**Exercise directions**
The listing is to be printed word for word, pictures omitted.

**Collected material**
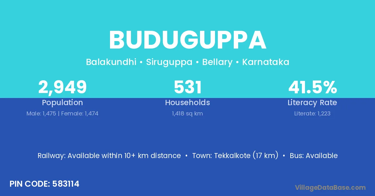 Buduguppa village has a total population of 2,949 people, of which 1,475 are males and 1,474 are females.
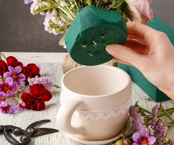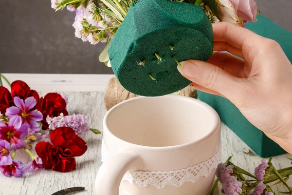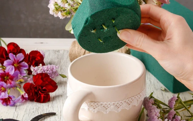 Este aqui é puro charme! Aposte em uma caneca de cerâmica ou em algum bowl mais alto e aplique uma rendinha em volta do objeto. Esse vai se tornar o vaso favorito da sua mãe.
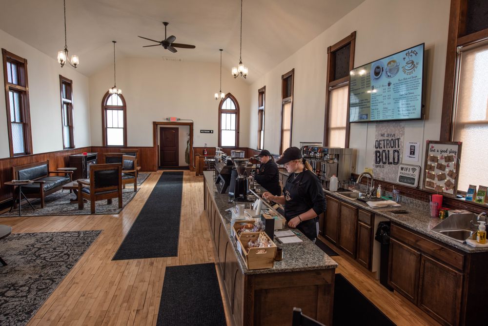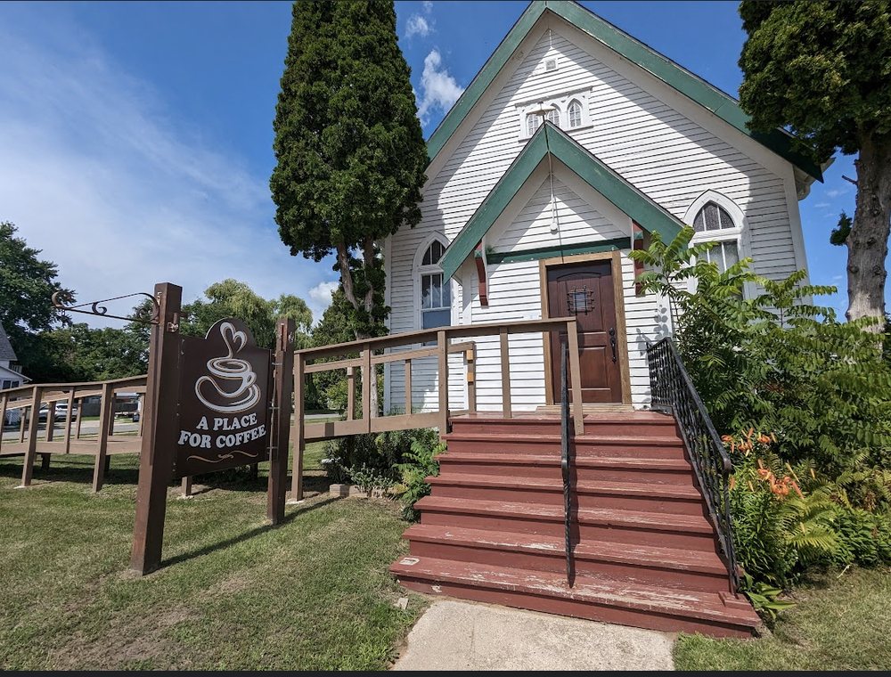 Imagine relaxing in a cozy coffee house set inside a charming old church. It's a wonderful spot to sit back, enjoy a comforting cup of coffee, and catch up with friends. Alongside their great coffee, they also offer delicious pre-packaged muffins, biscotti, and pastries. It's the perfect place to unwind and enjoy some tasty treats!
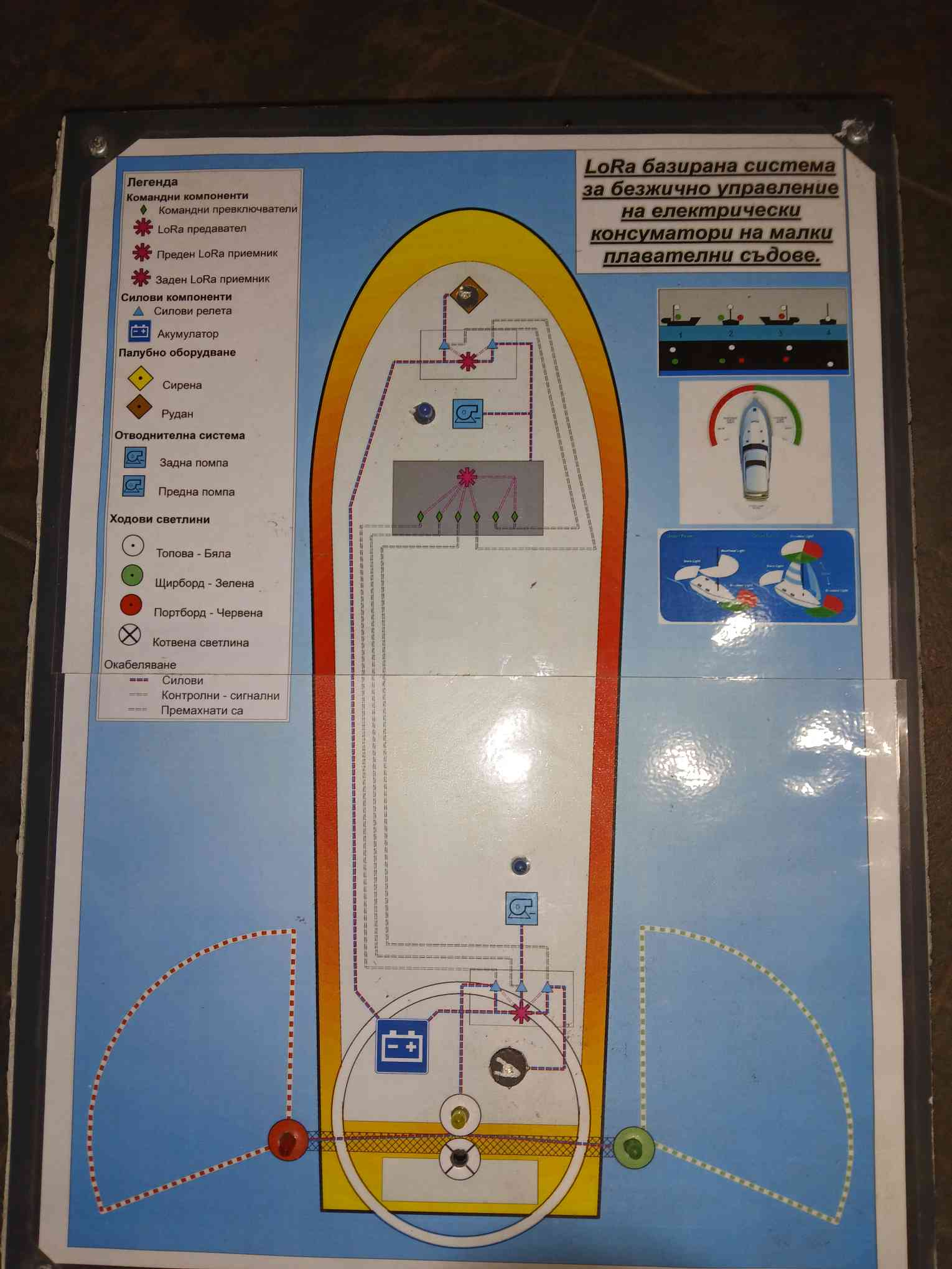 Система за безжична комуникация при малки плавателни съдове, базирана на LoRa технология, предназначена за управление и контрол на бордови електрически консуматори чрез разпределена мрежа от вградени модули. Целта на проекта е да се намали необходимостта от окабеляване, да се повиши надеждността на електроинсталацията и да се осигури ефективно и сигурно безжично управление на бордовите системи.

**Output below**
 Buduguppa village has a total population of 2,949 people, of which 1,475 are males and 1,474 are females.
 Este aqui é puro charme! Aposte em uma caneca de cerâmica ou em algum bowl mais alto e aplique uma rendinha em volta do objeto. Esse vai se tornar o vaso favorito da sua mãe.
 Imagine relaxing in a cozy coffee house set inside a charming old church. It's a wonderful spot to sit back, enjoy a comforting cup of coffee, and catch up with friends. Alongside their great coffee, they also offer delicious pre-packaged muffins, biscotti, and pastries. It's the perfect place to unwind and enjoy some tasty treats!
 Система за безжична комуникация при малки плавателни съдове, базирана на LoRa технология, предназначена за управление и контрол на бордови електрически консуматори чрез разпределена мрежа от вградени модули. Целта на проекта е да се намали необходимостта от окабеляване, да се повиши надеждността на електроинсталацията и да се осигури ефективно и сигурно безжично управление на бордовите системи.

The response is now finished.